A. Halt in both parSafe and not parSafe contexts

This is what we have today currently. A couple of benefits with this approach are (1) the code looks cleaner to the caller (i.e., no try! or error handling) and (2) the code is more performant due to folding out the halts when compiled with --fast.

The checking being folded out when compiled with --fast could also be viewed as a downside, however, since the behavior is undefined if something does go wrong, which could result in some silent incorrect errors.
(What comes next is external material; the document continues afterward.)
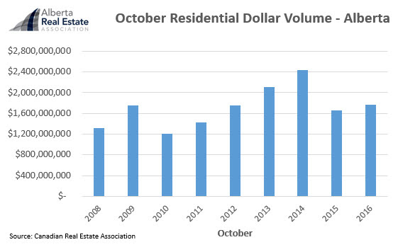 The value of all home sales in the province totalled $1.77 billion for the month, rising 6.6 per cent from October 2015.

B. Throw in both parSafe and not parSafe contexts

The main benefit that I have been able to pick out here is (1) Users can decide what happens when their code does something unexpected, so it won't just crash their code

C. Throw in parallel safe context, halt in non-parallel safe context

Support for this case would support the position to move to 2 distinct parSafe and not parSafe data structures.

A benefit of this approach is that we are able to optimize our data structures in the non-parallel safe context where the undefined accesses are less likely, while still ensuring that errors can be handled in the non-parallel safe context.

D. Halt in parallel safe context, throw in non-parallel safe context

Support for this case would support the position to move to 2 distinct parSafe and not parSafe data structures. I can't think of a good argument for this approach, but including in case someone does.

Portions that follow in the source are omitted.